Two hours into my first “learning on the Job" and the gossip about the intimidation F-Man exudes has given be filler about what to expect, but, as an unbelievable in callousness, I took their advice with a pinch of salt, and letting go of the salt. F-Man arrives shortly after, saw me standing behind the counter, and goes, “who the fuck are you?” My jaw dropped and reality set in about what I’ve been told few minutes back. I said, “Testimony.” Who answers ‘Testimony’, I, too, became intimidated immediately the name left my mouth, and I was hoping for an offense. “Testimony!” he barked. “I can’t call you that.” He continued. This was the height of intimidation. How can someone decide what I am going to answer if this is not neo slave trade, the audacity! I kept my cool. He said, “What are your other names?” “Uzuazoghenemaro” I learnt he was from Delta State in the small gossip that ensued between staff, and I thought to play my trump card, but he held the card, and shred it in pieces like a mad, angry, wild dog. “I can’t call you God. You’re not God, I can’t call you that! See, I’ll call you Maro” 

First Mistake
I was in my sophomore year in Rivers State University, and I misappropriated my school fees. I ate deep into it, it was 20k short. Beauty was my only hope to get me out of the situation, but I have to work for it. She arranged one for me even though I lacked the experience, but the risk was worth it, and I was going to learn on the job, anyway. I couldn’t bring myself to tell my father about the money because he believes so much in my ability to “control” – know when to do a particular thing, and when not to. Misappropriating my school fees was the ‘when not to.’
My first mistake was accepting to go back there after I wanted to run after the first day. I had a mental argument, and the resolution was that I get first month pay, balance my school fees and quit! Simply planned, but the execution kept me there for nine long months. Jerkys' Grill Bar and Music pay you whenever they wanted to – a month after the first month ends or two months, three months, depends on your department. 
As a bartender cum bookkeeper, I get paid 25,000 Naira for a particular month, and one thousand is usually deducted for tax. Yes! For tax. 

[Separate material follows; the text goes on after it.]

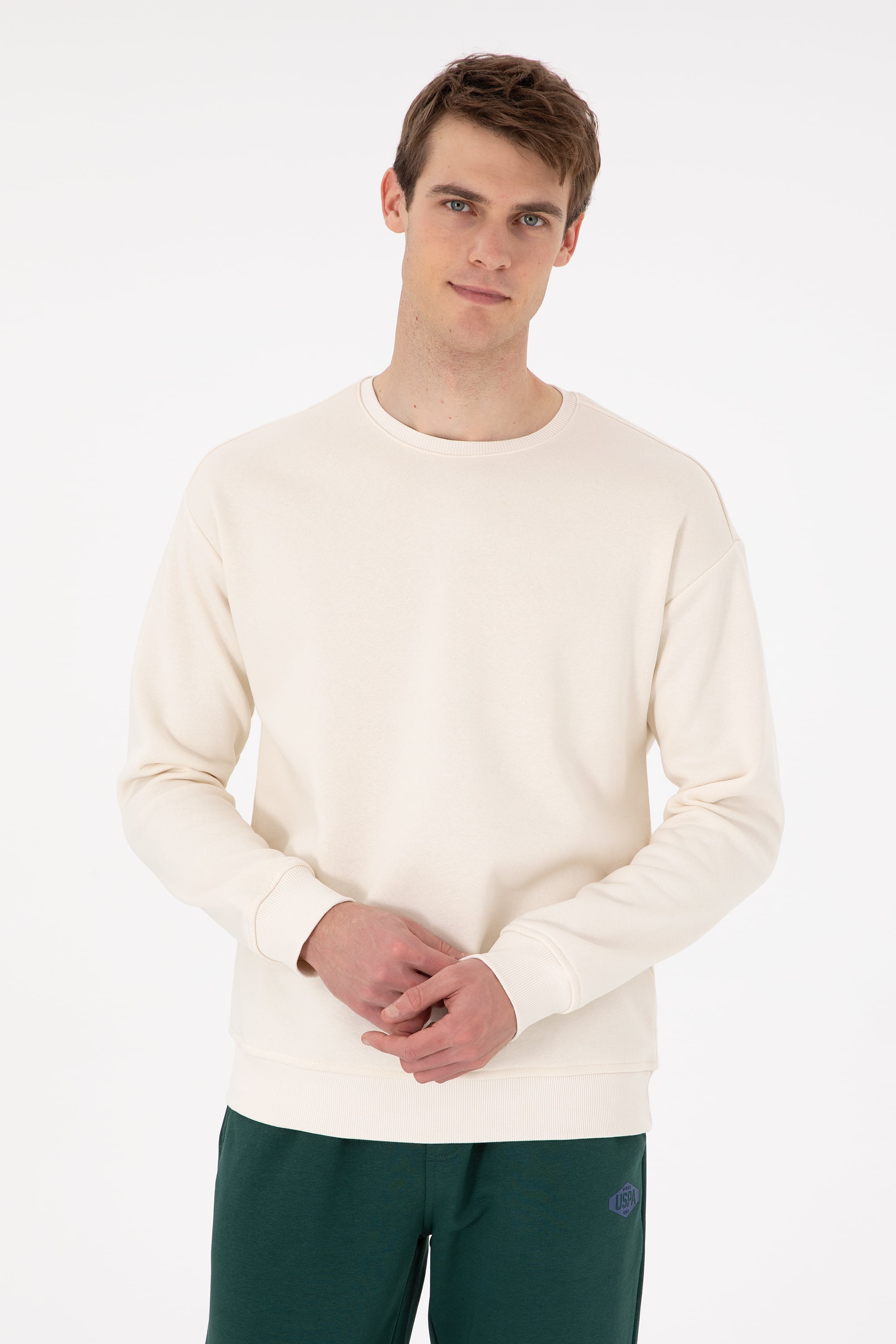 Erkek Comfort Fit Bisiklet Yaka Krem Sweatshirt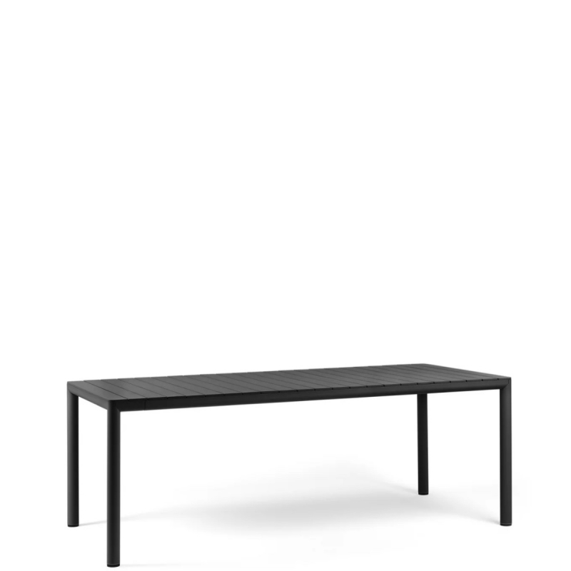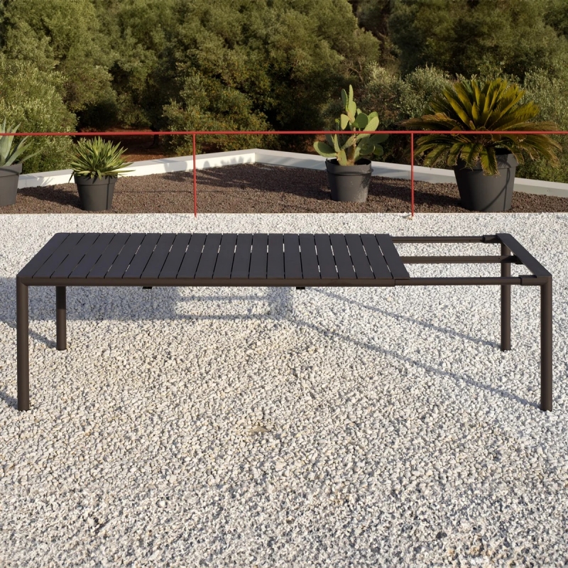 La table dispose d'une allonge sous le plateau, pour passer de 2m11 à 2m75. De 1m de large et 76 cm de haut. La table de jardin design est déclinée en corda (crème), tortora (taupe), anthracite ou marron. Dans la version marron, polypropylène fiberglass régénéré (texture mate et brute avec trame).

Struggling Between My Books and Their Books
Balancing Books at Jerkys is as torturous as sleeping in a mosquito-infested room. It never gets correct. Either you’re running at a lose, because the Club is unusually populated by friends of F-Man, and as such they are allowed to wander off without paying, or your family is getting insulted. In most cases, you don’t get to see those customers ever again, and when you luckily do, asking them for the payment is “harassment” and a possible fine from F-Man for disrespecting his customers. Most times, our salaries are at stake after numerous deductions from the accounts department: fines for slouching on the slab; fines for watching TV in the bar; fines for smiling; fines for not sending report to F-Man or a bottle of Guinness Stout not being cool enough for a customer; fines for not using the right cologne.
My GPA dropped from a 4.40 to a 4.33, and it threatened my academic goal, I had to put in more work, and the result emaciated me like I was a drug addict.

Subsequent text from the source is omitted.